Politics

Trump Adds Another Anti-Science, Anti-Choice Woman to Oversee Critical Health Programs

US President Donald Trump speaks during a Change of Command ceremony as Admiral Karl Schultz takes over from Admiral Paul Zukunft as the Commandant of the US Coast Guard at US Coast Guard Headquarters in Washington, DC, June 1, 2018. (Photo by SAUL LOEB / AFP)        (Photo credit should read SAUL LOEB/AFP/Getty Images)
Donald Trump speaks on June 1, 2018.
SAUL LOEB/AFP/Getty Images

The newest addition to Donald Trump’s ragtag band of anti-science religious fundamentalists at the Department of Health and Human Services is Diane Foley, who will help manage the federal government’s family-planning program. Foley’s dubious qualifications include leading a set of anti-abortion centers, giving speeches about accepting God’s word as the ultimate truth, and passing herself off as a practicing doctor when she has no medical license.

HHS announced in a tweet on Tuesday that Foley will join the agency’s new Office of Population Affairs as deputy assistant secretary, replacing Teresa Manning. Manning, a former anti-abortion lobbyist who insisted that contraception “doesn’t work” to prevent pregnancy, resigned in January after less than a year on the job.

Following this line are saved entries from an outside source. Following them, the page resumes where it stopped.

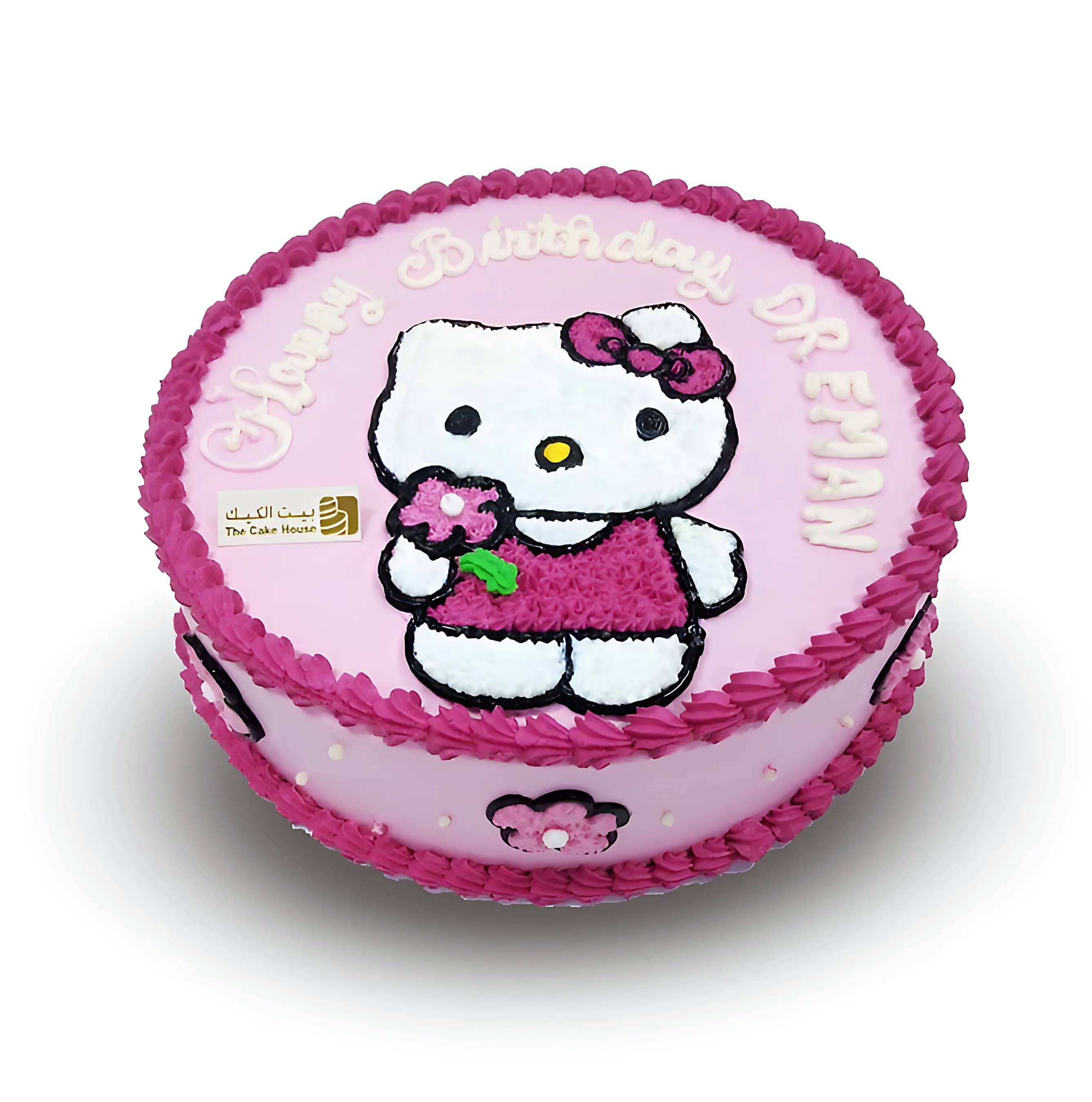 كيكة دائرية بتصميم هالو كيتي، مزينة بكريمة وردية وتفاصيل زهرية، مع عبارة "Happy Birthday" مكتوبة على الوجه العلوي, تكفي لعدد ١٥ شخص
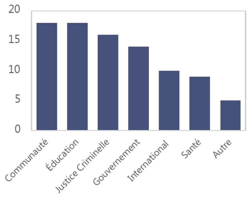 La deuxième figure démontre le secteur de partenaires désignés pour les projets financés par le Centre canadien. Les secteurs désignés et les le nombre de partenaires correspondant sont les suivants : Communauté (18 partenaires); Éducation (18 partenaires); Justice criminelle (16 partenaires); Gouvernement (14 partenaires); International (10 partenaires); Santé (9 partenaires); Autre (5 partenaires).
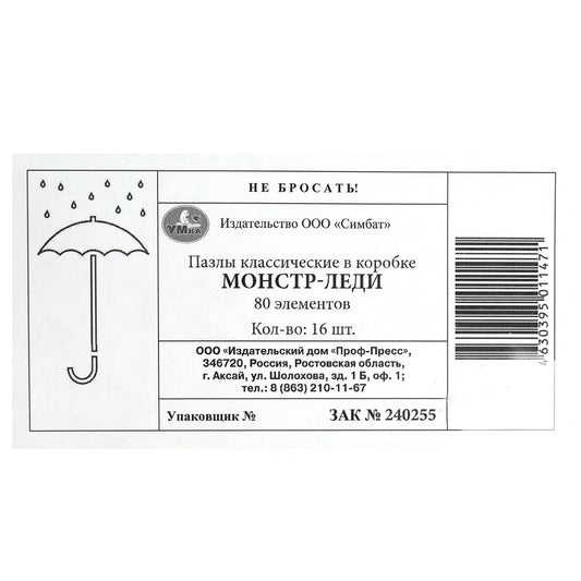 Монстр-леди. Пазлы классические в коробке. 80 pièces. 130х90х25 mm. Умные игры в уп.16шт в кор.8уп

Foley’s views on reproductive health are no more in line with science and accepted standards of health care than Manning’s. Until last year, she was the president and CEO of the Life Network, an organization that operates two anti-abortion crisis pregnancy centers in Colorado Springs that run abstinence-only education programs for teens. The purpose of crisis pregnancy centers is to convince women not to have abortions, sometimes after luring them in with deceptive advertising that makes them seem like abortion clinics or general health facilities. “Through our pregnancy centers we have the opportunity to see God use the miracle of ultrasound to change and save lives,” Life Network’s website says. The first element of its mission is “presenting the gospel of Jesus Christ.”

Life Network and Foley both promote an idea they call “post-abortion syndrome,” whose stated symptoms include “guilt, anxiety, feeling numb, depression, avoiding babies and pregnant women, inability to bond with future children, eating disorders, drug and alcohol abuse, [and] fear of infertility.” No medical authority has recognized the existence of such a syndrome. Women are more sure of their decisions to get abortions than their decisions to get knee surgery, and one large study found that, over three years after an abortion, 95 percent of women remained sure it was the right choice.

In a 2016 presentation she gave on abortion and the importance of a “Biblical worldview,” Foley said that, as a doctor, when a patient presented with substance-abuse problems or depression, she’d ask them if they’d ever had an abortion. After an abortion, she said she told them, “there is difficulty with relationships, many times there is misuse or abuse of alcohol or other drugs, depression, suicidal thoughts, decreased self-esteem, many times we see this as risky sexual behaviors that come out as a part of that.” These statements, presented by Foley as medical advice, have not been supported by medical research. They also echo the viewpoints of leading anti-abortion advocate Charmaine Yoest, who made several claims, against all evidence, that abortion causes breast cancer. Trump appointed Yoest to HHS in April 2017; she stepped down in February to join the Office of National Drug Control Policy.

At HHS, Foley will be a primary overseer of Title X, the federal program that provides subsidized contraception and screenings for cancer and STIs for low-income Americans. The Trump administration’s last appointee for the role didn’t believe contraception worked; Foley has said it is “sexual harassing” to teach teenagers how to use condoms. Foley will join senior policy advisor Valerie Huber, a top abstinence-only advocate whose organization’s curriculum told teenagers they should “be prepared to die” if they have sex before marriage, in leading the contraception program.

Correction, June 1, 2018: This post originally cited research from Equity Forward that stated that Foley had never been licensed to practice medicine in Colorado. She was, under the name Deborah.